Now is not the time to think about that. Now is the time to concentrate on passing next week.

I have a strategy. I will skate around my block once a day (weather permitting) between now and then. Once around my block is about a mile, so it's equal to 25 laps. I won't time myself but will alternate sprinting with rest, increasing the sprint times. If I cannot skate, I will jog on my treadmill. I will do some strength training- at least planks, wall-sits and calf raises every day. I will drink 64 ounces of water daily.

On test day, I will eat lightly but I will eat. I will go for a leisurely skate before practice to get pre-warmed up. At the test, I will place trash cans next to the track. No matter how much I think I am GOING to throw up, I will not slow down or leave the track. I do not have to anticipate or find the restroom; the cans will be right there if I need them. I will sprint all out for ten laps. If I need to puke after that, I will. But I need to make that first ten in two minutes. Then, even if I have to stop to vomit, I WILL skate all 25 laps. If it takes me an hour, if I have to vomit every other lap, if I start falling every third stride, I will at least finish the task.

That's the plan.

Sunday, September 23, 2012

Freshies! Don't Buy Roller Skates!

No offense, but you don't know what you're doing.

Since coming to terms with the fact that my skates are a bit too big, I've spoken with many of my teammates about skate fit. It turns out an alarming number of them spent a painful couple of years cinched into skates that were too small or sloshing around in ones that were too big.

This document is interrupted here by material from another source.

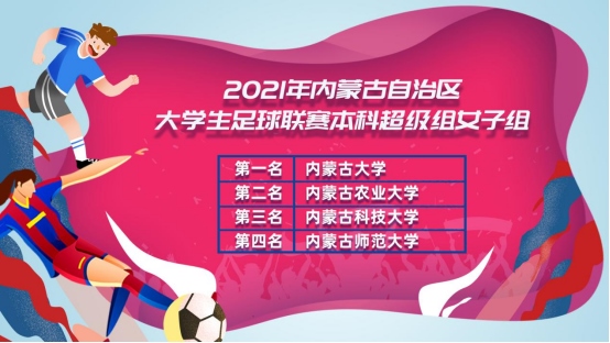 近年來,內蒙古校園足球蓬勃發(fā)展,多彩的校園足球賽事與活動呈現(xiàn)出不斷發(fā)展的生機與活力。作為全區(qū)舉辦規(guī)模最大、參賽人數(shù)最多、覆蓋面最廣、專為大學生量身打造的校園足球賽事,大學生足球聯(lián)賽成為我區(qū)各高校學子充分展示青春活力與頑強斗志的重要舞臺。2021年聯(lián)賽中,共設高職校園、高職超級、本科校園和本科超級組(男、女)共7個組別。錫林郭勒職業(yè)學院、包頭輕工職業(yè)技術學院、呼和浩特民族學院分別獲得高職校園男子組、女子組、超級男子組冠軍;內蒙古農業(yè)大學奪得本科校園男子、女子組冠軍;內蒙古科技大學、內蒙古大學分別奪得本科超級組男子、女子組冠軍。

It didn't ruin their derby, but it did make things difficult and uncomfortable. It is possible to start a successful derby career in ill-fitting skates, but why do that to yourself?

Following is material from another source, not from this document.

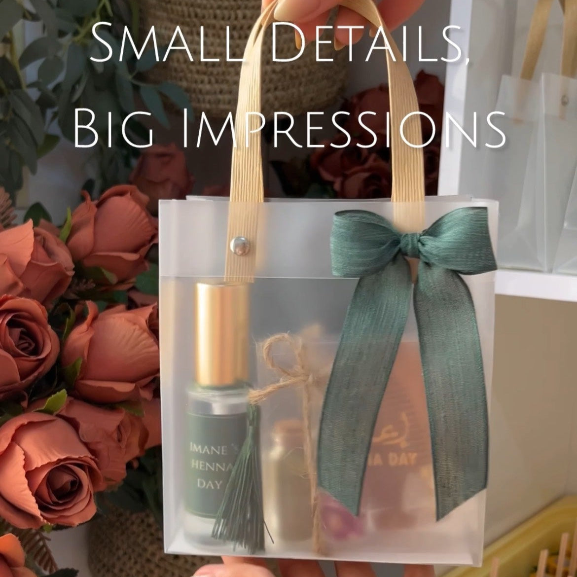 Un élégant coffret cadeau présenté dans un sac en plexiglas givré avec anses en bois naturel et orné d’un joli nœud en ruban vert foncé.

Hear me now. Most people will recommend you not buy skates "until you know for sure you will stick with derby." This is good advice, but if you are joining roller derby then you are probably the type of person who will be more determined to buy expensive skates when told this. I am not assuming you will fail. I assume you will work hard, love derby, play for years, and have a Facebook fan page with thousands of followers. I am still telling you not to buy.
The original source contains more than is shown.